Nvidia is developing the H100 120GB PCIe computing card
NVIDIA released a new generation of H100 based on the Hopper architecture at the GTC earlier this year for the next generation of accelerated computing platforms. It has 80 billion transistors, is a CoWoS 2.5D wafer-level package, has a single-chip design, and is manufactured using a 4N process tailored by TSMC for Nvidia.
According to the s-ss report, Nvidia is developing an H100 120GB PCIe computing card, which adds 40GB of video memory than the existing H100 80GB PCIe version computing card, but it is not sure whether it is using HBM2e or HBM3, which belongs to the PCIe form factor.

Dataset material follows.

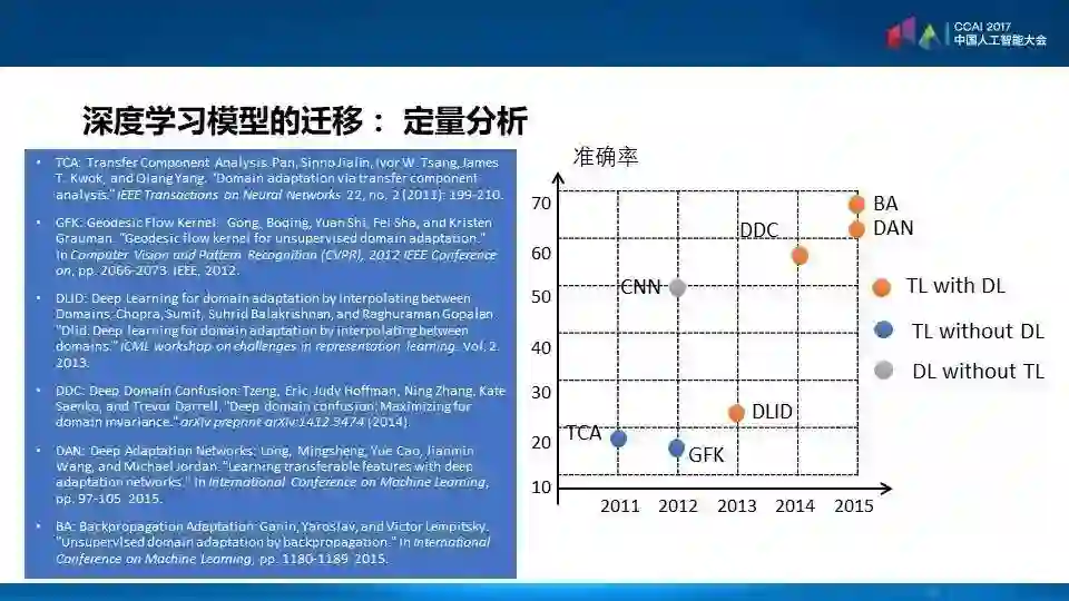 下面我们看看这样一种分层的研究对迁移学习到底产生了什么样的作用呢?我的学生魏颖就把最近的迁移学习和深度学习共同的工作画了表,这里面的名词像CNN、DDC都是最近发表的文章里面的系统名。横轴是年代,从2011年到最近,纵轴是准确率。左边是我一些学生做的工作,把迁移学习在不同领域里面的子空间,它们共享的知识找到,但是没有用到深度学习的概念,大概是2010年、2011年做的工作,叫TCA。

It is understood that the GH100 chip configuration of this H100 120GB PCIe computing card is higher than the 114 SMs and 14592 FP32 CUDA cores of the existing PCIe version. It is the same chip as the SXM version, that is, 132 groups of SMs, a total of 16896 FP32 CUDA cores, 528 Tensor Cores, and 50MB of L2 cache. This makes the single-precision performance of the H100 120GB PCIe version on par with the SXM version, with a single-precision floating-point performance of about 60 TFLOPS. I don’t know what the power consumption of the H100 120GB PCIe version will be. Currently, the H100 80GB PCIe version is 350W, while the H100 80GB SXM5 version is 700W.
In addition, the GH100 chip size is about 814mm², supports NVIDIA’s fourth-generation NVLink interface, and can provide up to 900 GB/s of bandwidth. At the same time, the GH100 is the first GPU to support the PCIe 5.0 standard and the first to use HBM3. It supports up to six HBM3s with a bandwidth of 3TB/s, which is 1.5 times that of the A100 using HBM2E.
The photo shows that there is also a GeForce RTX ADLCE engineering sample in the device. Although it is not marked, it can be understood that it belongs to the Ada Lovelace architecture GPU. Its TDP is said to be limited to 350W, and the single-precision performance is only 63 to 70 TFLOPS.